(Supplied material begins)

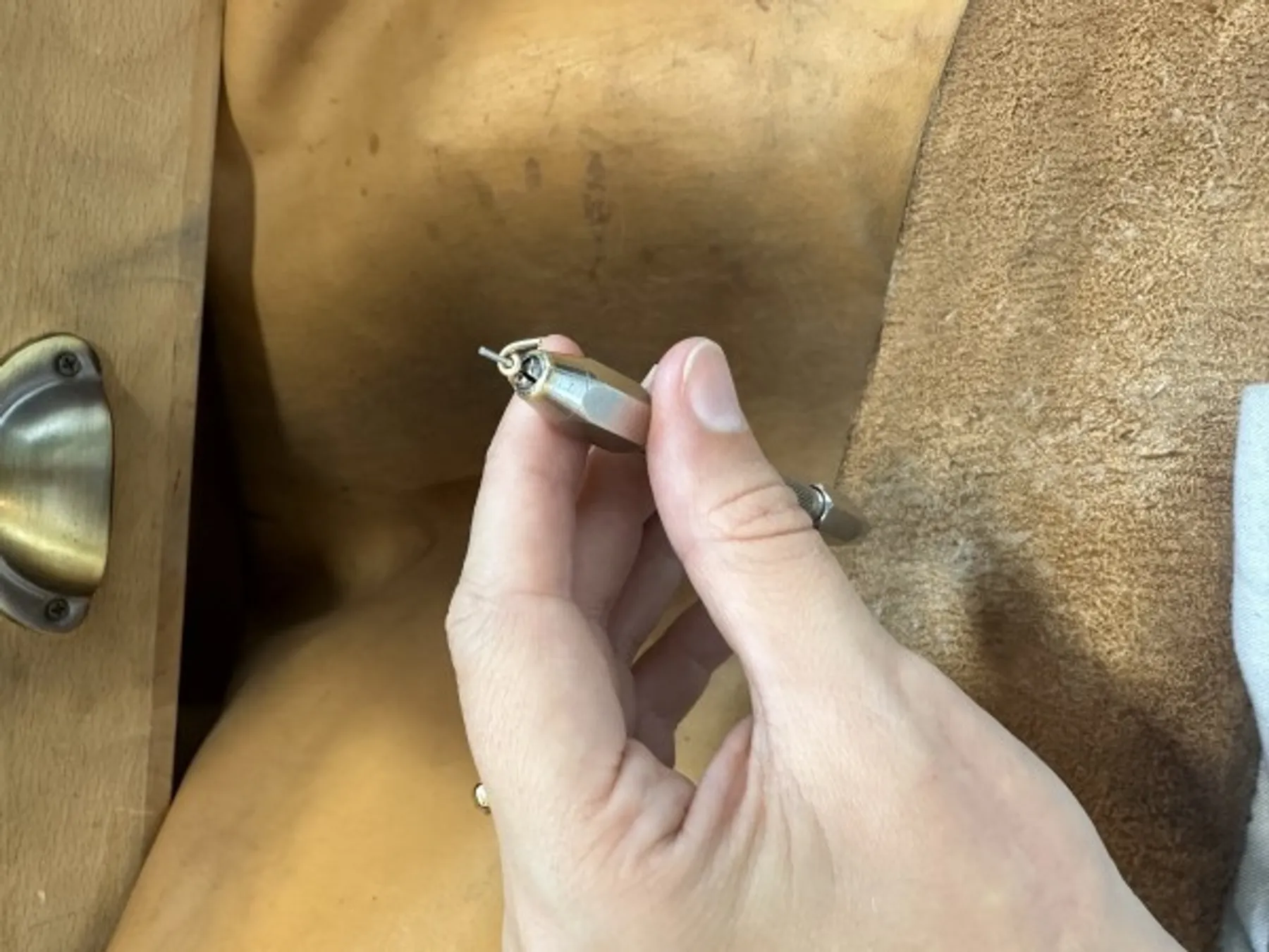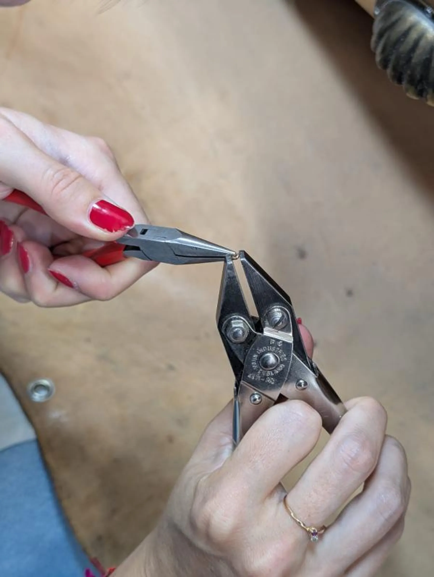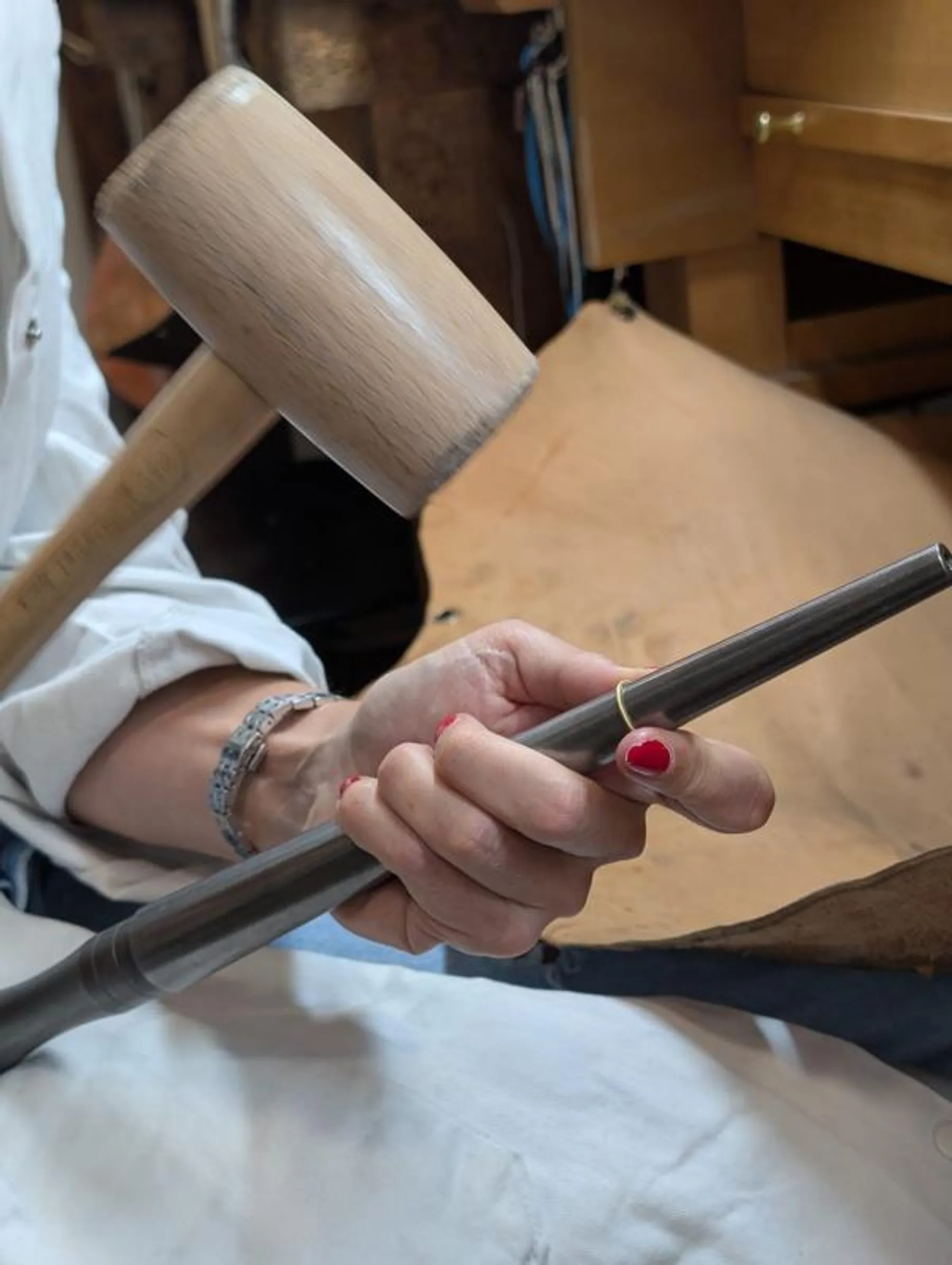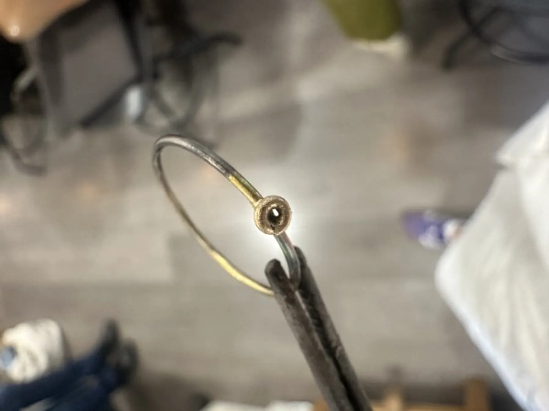 Dans l'atelier, vous prenez place à l'établi où vous commencerez par tourner le fil d'or, le souder à l'aide du chalumeau. Cet anneau est ensuite limé et légèrement émeriser à l'aide d'outil spécifique.
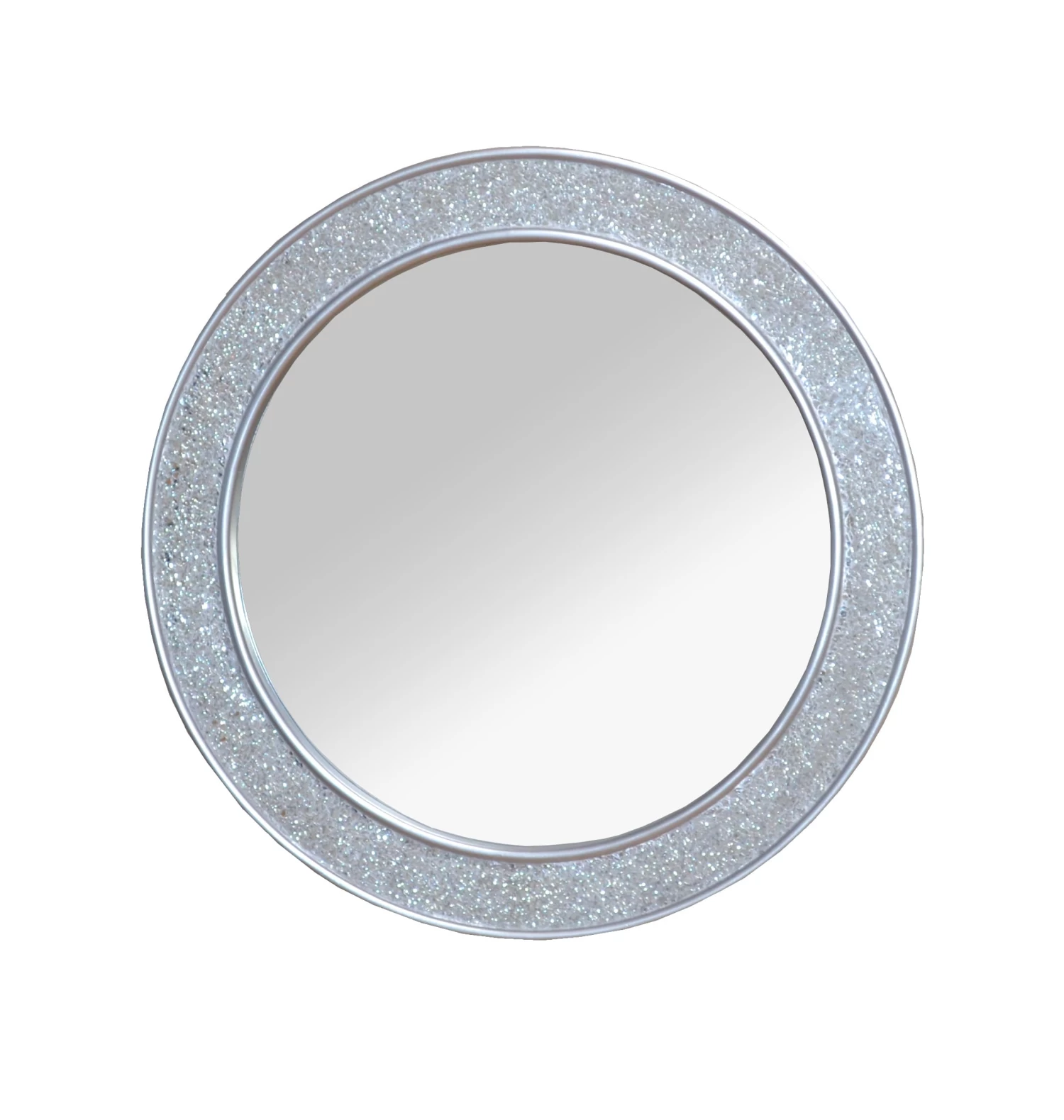 Moderner Wandspiegel, rund, mit einem MDF-Rahmen, der mit Polyurethan, antik silberfarben beschichtet ist. Optisch einer Mosaik-Oberfläche nachempfunden. Der Rahmen ist ca. 7 cm breit, Spiegelfläche ca. 45,5 cm Durchmesser. Der schöne, moderne Wandspiegel lässt sich im gesamten Wohnbereich kombinieren. Artikelmaße: Durchmesser ca. 60 cm x Tiefe ca. 3 cm.
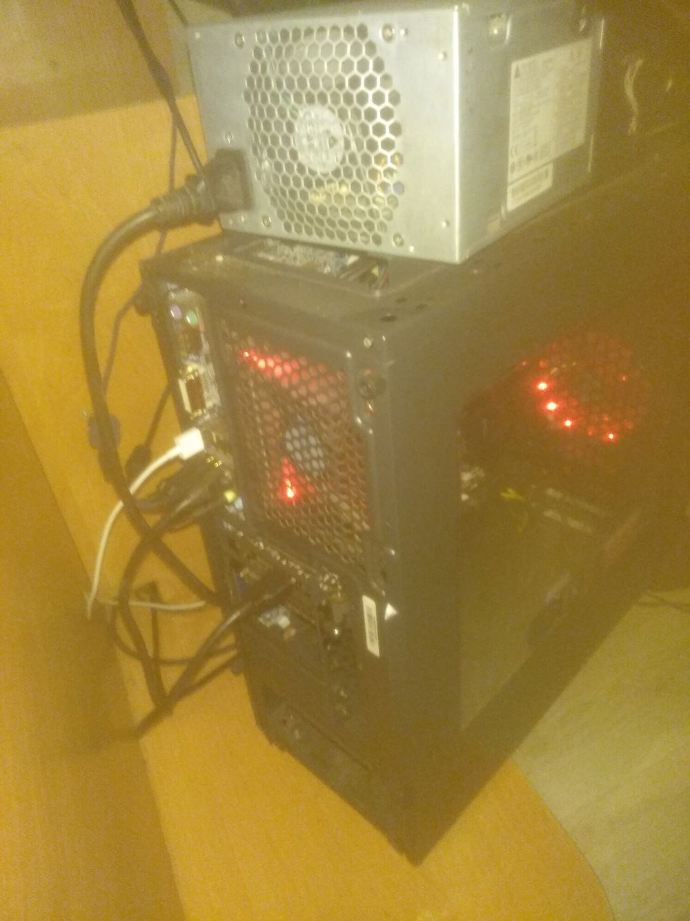 OLD DISC.!!!!!!!!!!!!!!!!!!!!!!!!!!!!!!!!!!!!!!!!!!!!!!!!!!!!!!!!!!!!!!!!!!!!!!!!!!!!!!!!!!!!!!!!!!!!!!!!!!!!!!!!!!!!!!!!!!!!!!!!!!!!!!!!!!!!!!!!!!!!!!!!!!!!!!!!!!!!!!!!!!!!!!!!!!!!!!!!!!!!!!!!!!!!!!!!!!!!!!!!!!!!!!!!! This pc is made from parts that I got for free, from work. These parts, they ware going to throw out (not including the Case, Cpu, SSD, Ram and Gpu as I had those bought for a project i never finished). The motherboard is an Atx Non standart HP OEM board from the Z200 series workstation PC, It had no cooler that would fit it, so I had to ziptie it to the motherboard, works fine btw. (the cooler had the intel feetsies broken off anyways soo didnt lose a perfectly fine cooler) The motherboard requires an OEM PSU, thankfully it came with the 320 W instead of 160W, so i was capable of powering the EVGA GTX960 4GB. As well ass the PSU being prepriotary, the FPC's ware too, so I was unable to use the case FPC, Instead of dangling around, it is fit in place using modeling clay (the non Wet type). It features a 120GB cheap SSD, as well as a Seagate Barracude 1TB 7200 RPM Hard Drive. 12 GB's of DDR3 1333mhz Ram and an X3470 4 core 8 thread CPU. The PSU is secured to the top of the case via 4 screws (not that secure but keeps it from falling off during small movements).
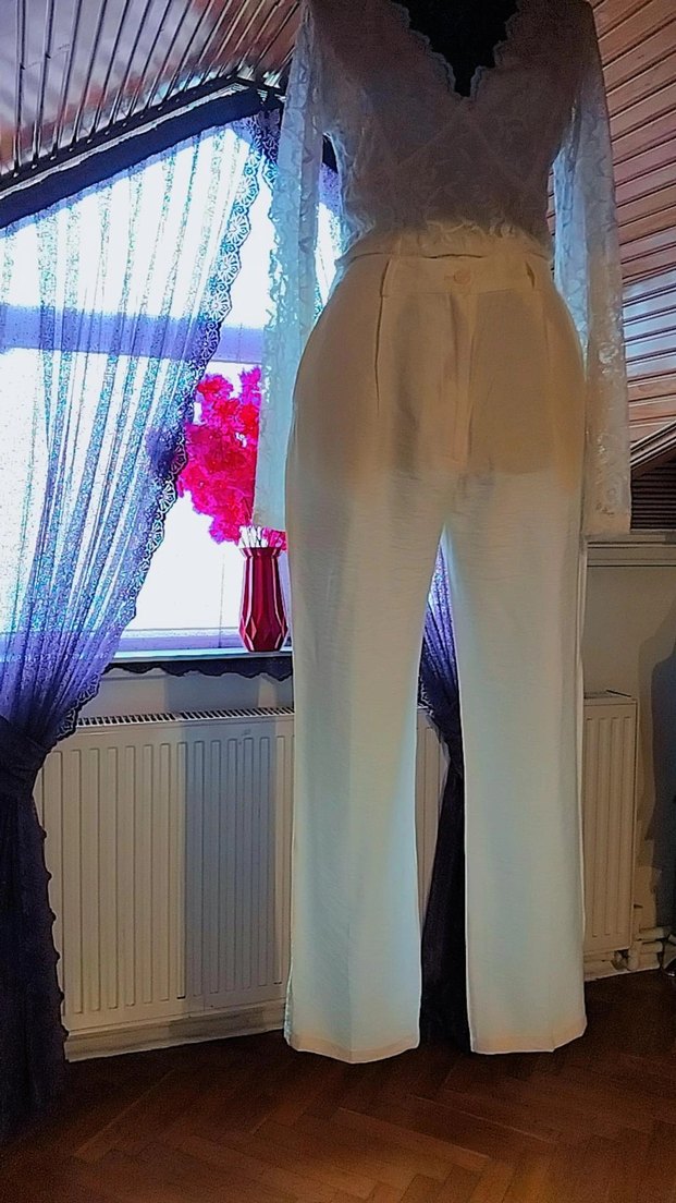 İpek gibi dokulu, şeffaf detaylı beyaz kadın pantolon. Normal kesim ve midi boy, modern ve şık bir görünüm sunar.
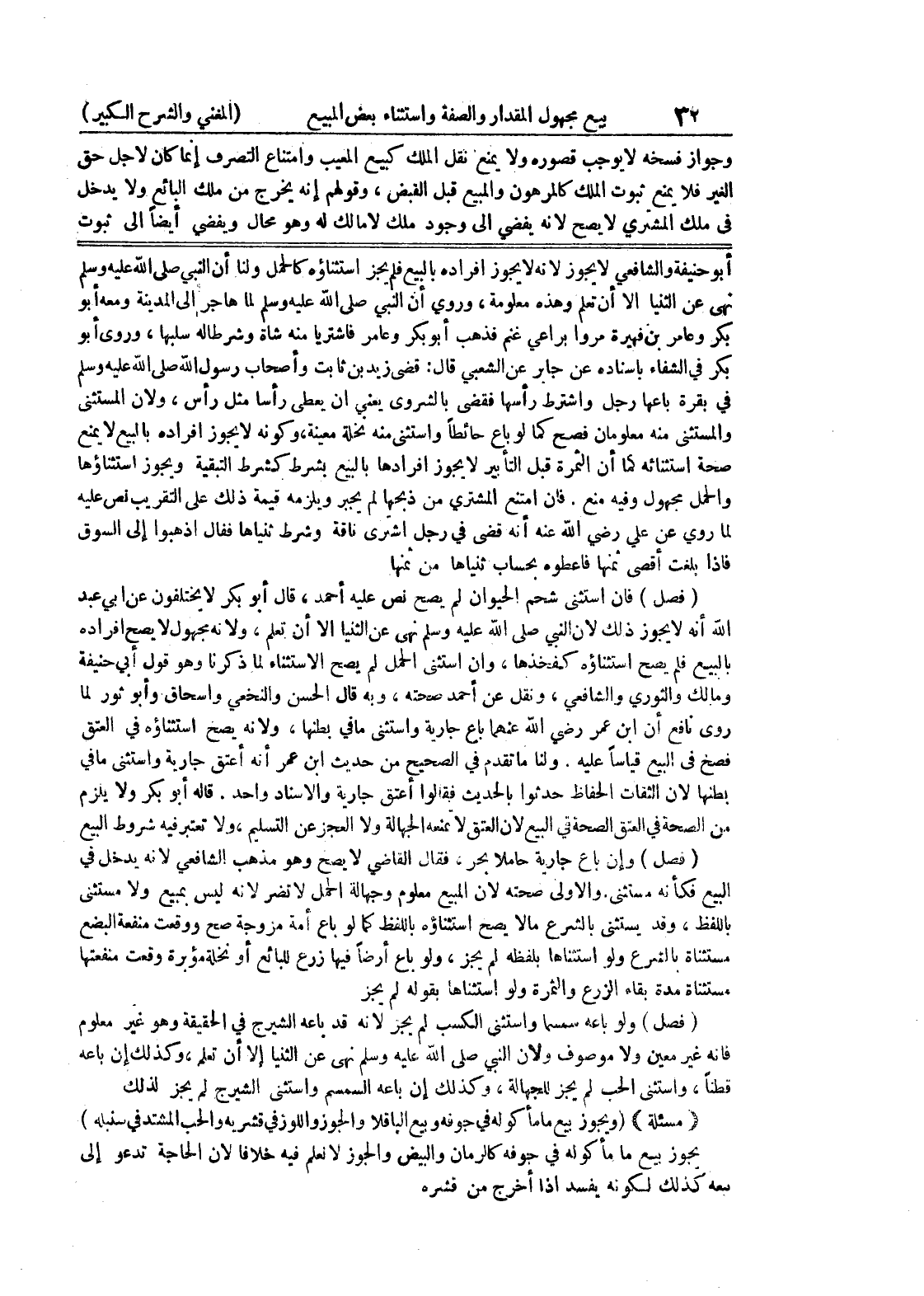 والاولى صحته لا المبيع معلوم وجهالة الحمل لا تضر لأنه ليس بمبيع ولا مستثنى باللفظ، وقد يستثنى بالشرع ما لا يصح استثناؤه باللفظ كما لو باع أمة مزوجة صح ووقعت منفعة البضع مستثناة بالشرع ولو استثناها بلفظه لم يجز، ولو باع أرضاً فيها زرع للبائع أو نخله مؤبرة وقعت منفعتها مستثناة مدة بقاء الزرع والثمرة ولو استثناها بقوله لم يجز (فصل) ولو باعه سمسماً واستثنى الكسب لم يجز لأنه قد باعه الشريج في الحقيقة وهو غير معلوم فإنه غير معين ولا موصوف ولأن النبي صلى الله عليه وسلم نهى عن الثنيا إلا أن تعلم، وكذلك إن باعه قطناً، واستثنى الحب لم يجز للجهالة، وكذلك إن باعه السمسم واستثنى الشيرج لم يجز لذلك {مسألة} (ويجوز بيع ما مأكوله في جوفه وبيع الباقلا والجوز واللوز في قشريه والحب المشتد في سنبله) يجوز بيع ما مأكوله في جوفه كالرمان والبيض والجوز لا نعلم فيه خلافا لأن الحاجة تدعو إلى بيعه كذلك لكونه يفسد إذا أخرج من قشره

(Supplied material ends)

## [Problem to work on]
Each line above should be printed again exactly, though the pictures should not be.

## [Solution to this problem]
 Dans l'atelier, vous prenez place à l'établi où vous commencerez par tourner le fil d'or, le souder à l'aide du chalumeau. Cet anneau est ensuite limé et légèrement émeriser à l'aide d'outil spécifique.
 Moderner Wandspiegel, rund, mit einem MDF-Rahmen, der mit Polyurethan, antik silberfarben beschichtet ist. Optisch einer Mosaik-Oberfläche nachempfunden. Der Rahmen ist ca. 7 cm breit, Spiegelfläche ca. 45,5 cm Durchmesser. Der schöne, moderne Wandspiegel lässt sich im gesamten Wohnbereich kombinieren. Artikelmaße: Durchmesser ca. 60 cm x Tiefe ca. 3 cm.
 OLD DISC.!!!!!!!!!!!!!!!!!!!!!!!!!!!!!!!!!!!!!!!!!!!!!!!!!!!!!!!!!!!!!!!!!!!!!!!!!!!!!!!!!!!!!!!!!!!!!!!!!!!!!!!!!!!!!!!!!!!!!!!!!!!!!!!!!!!!!!!!!!!!!!!!!!!!!!!!!!!!!!!!!!!!!!!!!!!!!!!!!!!!!!!!!!!!!!!!!!!!!!!!!!!!!!!!! This pc is made from parts that I got for free, from work. These parts, they ware going to throw out (not including the Case, Cpu, SSD, Ram and Gpu as I had those bought for a project i never finished). The motherboard is an Atx Non standart HP OEM board from the Z200 series workstation PC, It had no cooler that would fit it, so I had to ziptie it to the motherboard, works fine btw. (the cooler had the intel feetsies broken off anyways soo didnt lose a perfectly fine cooler) The motherboard requires an OEM PSU, thankfully it came with the 320 W instead of 160W, so i was capable of powering the EVGA GTX960 4GB. As well ass the PSU being prepriotary, the FPC's ware too, so I was unable to use the case FPC, Instead of dangling around, it is fit in place using modeling clay (the non Wet type). It features a 120GB cheap SSD, as well as a Seagate Barracude 1TB 7200 RPM Hard Drive. 12 GB's of DDR3 1333mhz Ram and an X3470 4 core 8 thread CPU. The PSU is secured to the top of the case via 4 screws (not that secure but keeps it from falling off during small movements).
 İpek gibi dokulu, şeffaf detaylı beyaz kadın pantolon. Normal kesim ve midi boy, modern ve şık bir görünüm sunar.
 والاولى صحته لا المبيع معلوم وجهالة الحمل لا تضر لأنه ليس بمبيع ولا مستثنى باللفظ، وقد يستثنى بالشرع ما لا يصح استثناؤه باللفظ كما لو باع أمة مزوجة صح ووقعت منفعة البضع مستثناة بالشرع ولو استثناها بلفظه لم يجز، ولو باع أرضاً فيها زرع للبائع أو نخله مؤبرة وقعت منفعتها مستثناة مدة بقاء الزرع والثمرة ولو استثناها بقوله لم يجز (فصل) ولو باعه سمسماً واستثنى الكسب لم يجز لأنه قد باعه الشريج في الحقيقة وهو غير معلوم فإنه غير معين ولا موصوف ولأن النبي صلى الله عليه وسلم نهى عن الثنيا إلا أن تعلم، وكذلك إن باعه قطناً، واستثنى الحب لم يجز للجهالة، وكذلك إن باعه السمسم واستثنى الشيرج لم يجز لذلك {مسألة} (ويجوز بيع ما مأكوله في جوفه وبيع الباقلا والجوز واللوز في قشريه والحب المشتد في سنبله) يجوز بيع ما مأكوله في جوفه كالرمان والبيض والجوز لا نعلم فيه خلافا لأن الحاجة تدعو إلى بيعه كذلك لكونه يفسد إذا أخرج من قشره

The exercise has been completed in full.